William Maley
Staff Writer - CheersandGears.com
August 8, 2013
The Chicken Tax, a fifty year-old tariff put in place to tax 25 percent on all imported trucks could be gone in the near future.
The U.S. is currently in talks currently in negotiations with the the Trans-Pacific Partnership over free-trade agreements. One of the countries in the Trans-Pacific Partnership is Japan, a country that currently imposes strict restrictions on U.S. imports. The U.S. is using the elimination of the Chicken Tax as bargaining chip in the negotiations to hopefully open up and let domestic automakers come in.

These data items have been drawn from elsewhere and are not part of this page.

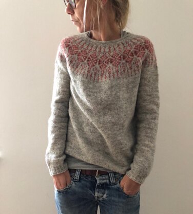 Jingle is worked seamlessly from the top down. First some short rows are worked back and forth to create a higher back neck and then the yoke is worked top down, in the round, to sleeve separation. Some last short rows are worked to finish the yoke shaping right before sleeve stitches are placed on hold, then the body is worked in rounds down to the hem. Sleeves are worked top down to the cuffs last. No finishing required.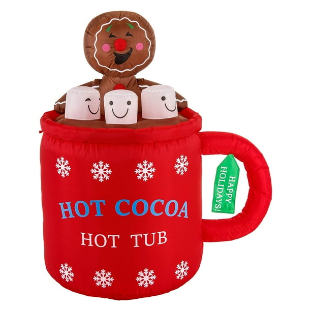 Christmas Masters 4ft Inflatable Hot Cocoa Mug Gingerbread Man
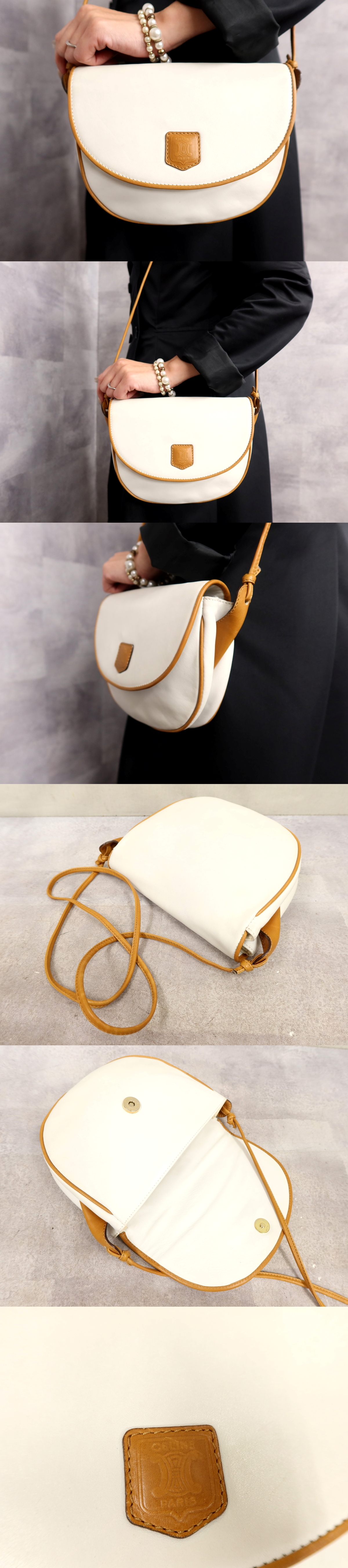 ●超美品●CELINE セリーヌ●ロゴ型押し●バイカラー●カーフ レザー 本革●ショルダー バッグ●白 キャメル●ゴールド金具●Js63436 收藏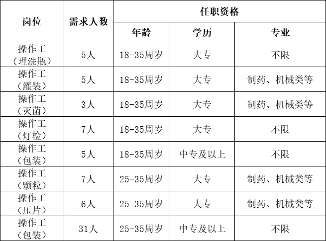 山西某药业公司,是一家历史悠久的综合性药品生产企业,致力于为社会提供高质量的医药产品。为了提高生产效率和产品质量,在激烈的市场竞争中保持领先地位,由山西威廉希尓指数500人力资源派遣有限公司招聘药品包装工、车间操作工共69名,现将有关事项公告如下:
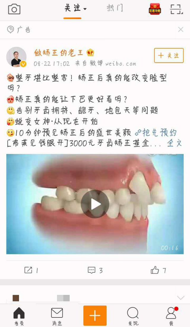 还记得很多明星因为脸宽,悄咪咪的去拔掉了后槽牙,做牙齿矫正真的有那么重要吗?微博上的这个广告告诉你是非常重要的,牙齿矫正可以更改面部的形状,这个整改真的是整容都做不到的。这个微博广告的文案是挺长的一个了,主要是告诉我们矫正牙齿堪比整主要信息流广告容,进行预约可以赢得3000元牙齿矫正基金,让你们回归盛世美颜。 盘点一下微博广告的优势: 1、微博上以信息流广告的形式来进行展现,信息流广告都是穿插在内容之中,不会那么容易被用户发现,用户的体验感比较好; 2、微博上具有海量的用户,在这个信息化的时代,可能更好的利用人们的碎片化时间,进行刷微博这种行为,从而引发网友看到广告的几率,是最有影响力的平台之一; 3、微博广告的到达率非常的高最右推广,几乎都会被用户看到,传播速度也不是其他平台所能比的; 4、进行精准投放,多维度、多属性地精准定位目标人群;支持年龄、性别、地域、兴趣等多种条件组合,以及高级数据功能;大幅提高广告转化率。 5、微博广告随时随地都可以进行发布,传播力度非常快,因为互动力度高,进行转发的人数可以导致我们产品的二次曝光,传播范围呈几何倍增长,吸引更多的优质粉丝。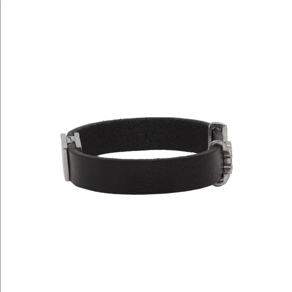 Saint Laurent Black and Silver Leather Opium Bracelet Buffed leather black bracelet. Logo plaque at face. Logo-engraved magnetic box-clasp fastening. Silver-tone hardware. Approximately 7.5” length. Leather Made in Italy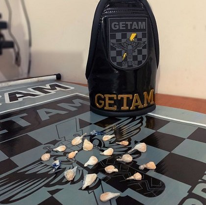 Durante busca pessoal os militares localizaram em um dos bolsos do abordado uma latinha, contendo no seu interior 19 substâncias análogas ao crack, embaladas e prontas para comercialização (4 gramas), em que ao ser perguntado ao abordado sobre a mercancia da substância, respondeu que vende pelo valor de R$10,00 e que venderia em bar já conhecido nos meios policiais por ser frequentado por indivíduos de índole duvidosa.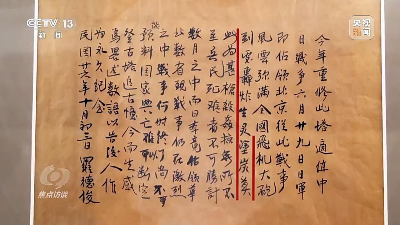 今年是中國(guó)人民抗日戰(zhàn)爭(zhēng)暨世界反法西斯戰(zhàn)爭(zhēng)勝利80周年。在這場(chǎng)決定人類(lèi)命運(yùn)的偉大斗爭(zhēng)中,中國(guó)作為東方主戰(zhàn)場(chǎng),以3500萬(wàn)同胞傷亡的沉重代價(jià),為世界反法西斯事業(yè)作出了不可磨滅的歷史貢獻(xiàn)。為銘記這段用鮮血和生命鑄就的壯麗史詩(shī),《焦點(diǎn)訪談》推出特別節(jié)目“歷史照耀今天”。今天,我們首先重返1931年九一八事變的歷史現(xiàn)場(chǎng),揭開(kāi)中國(guó)人民14年不屈抗戰(zhàn)的序幕。
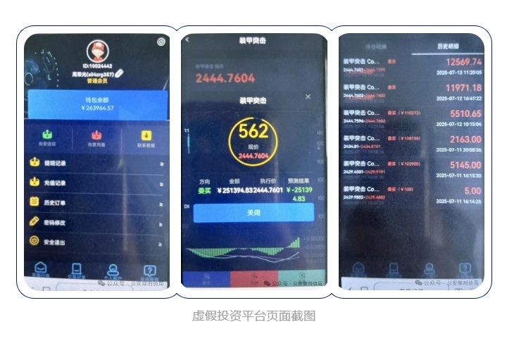 确立恋爱关系后,诈骗分子谎称有“内幕渠道”和“稳赚不赔”的投资机会。诈骗分子为获取受害人信任,会主动提供虚假账户让受害人看到“巨额收益”。当受害人信以为真并投入资金,骗子便以“保密”“避监管”等借口,最终要求线下现金交易或向指定账户大额转账。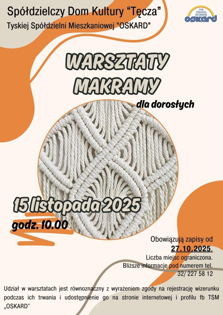 SDK "Tęcza" zaprasza na warsztaty makramy dla dorosłych 15 listopada 2025 r.Obowiązują zapisy od 27.10.2025, tel. 32 227 28 12 Opublikowano: 2025-10-27 Kultura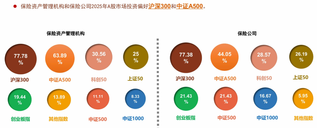 2025年,保险机构看好沪深300和中证A500相关股票,看好电子、银行、计算机、公共事业、家用电器、食品饮料、通信和国防军工等行业,关注新技术、红利资产和高分红高股息等投资领域,认为企业盈利增速以及消费、地产复苏情况是影响2025年A股市场的主要因素。
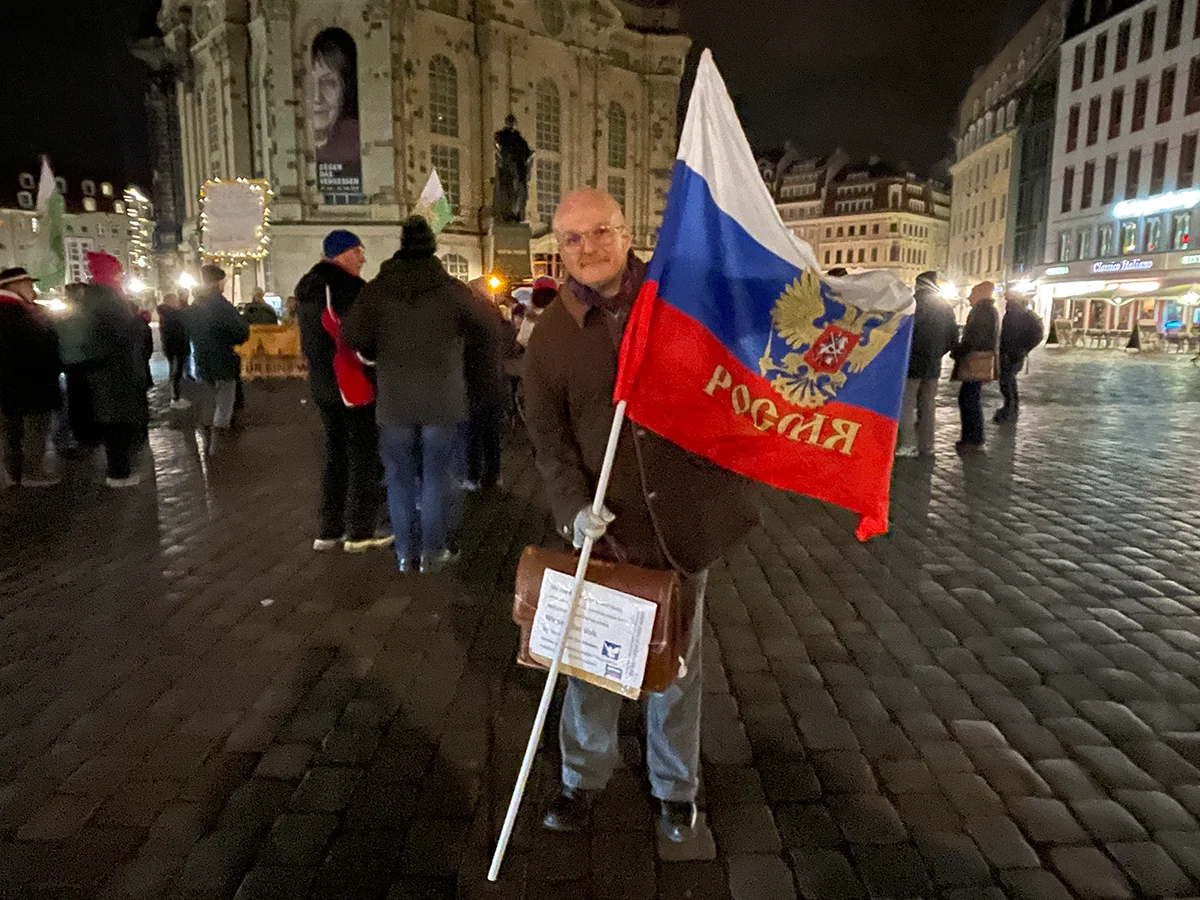Куда более откровенного сторонника России я встретил в тот же день вечером, когда стемнело и на улицу вышли «пацифисты». «Протесты запустила в Дрездене PEGIDA (“Патриотические европейцы против исламизации Европы”), но теперь их переняли другие правоэкстремисты — сепаратистская организация Freie Sachsen (“Свободные саксонцы”), и у них главная тема сейчас — война в Украине», — рассказал Максим Андреев.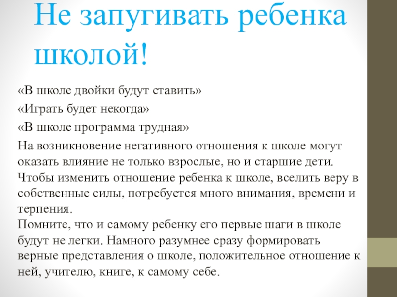 Помните, что и самому ребенку его первые шаги в школе будут не легки. Намного разумнее сразу формировать верные представления о школе, положительное отношение к ней, учителю, книге, к самому себе.

“The automakers see it as some leverage to getting other countries to open up their markets. The tariff doesn’t seem to make any sense now, particularly since the industry has globalized, or at least regionalized, but this is what happens with transfer programs, with protectionism, with social safety nets," said Daniel Ikenson, director of the Cato Institute’s Herbert A. Stiefel Center for Trade Policy Studies.
Cases in point:
- Honda, Nissan, and Toyota build their trucks in U.S.
- Ford and for a time Chrysler used a loophole in the Chicken Tax to bring their vans into U.S.
The Chicken Tax has also hurt automakers. For example, MINI pulled the Clubvan in the U.S. partly due to the Chicken Tax.
If the U.S. is not successful in their negotiations, the Chicken Tax could stay on the books for another 25 to 30 years.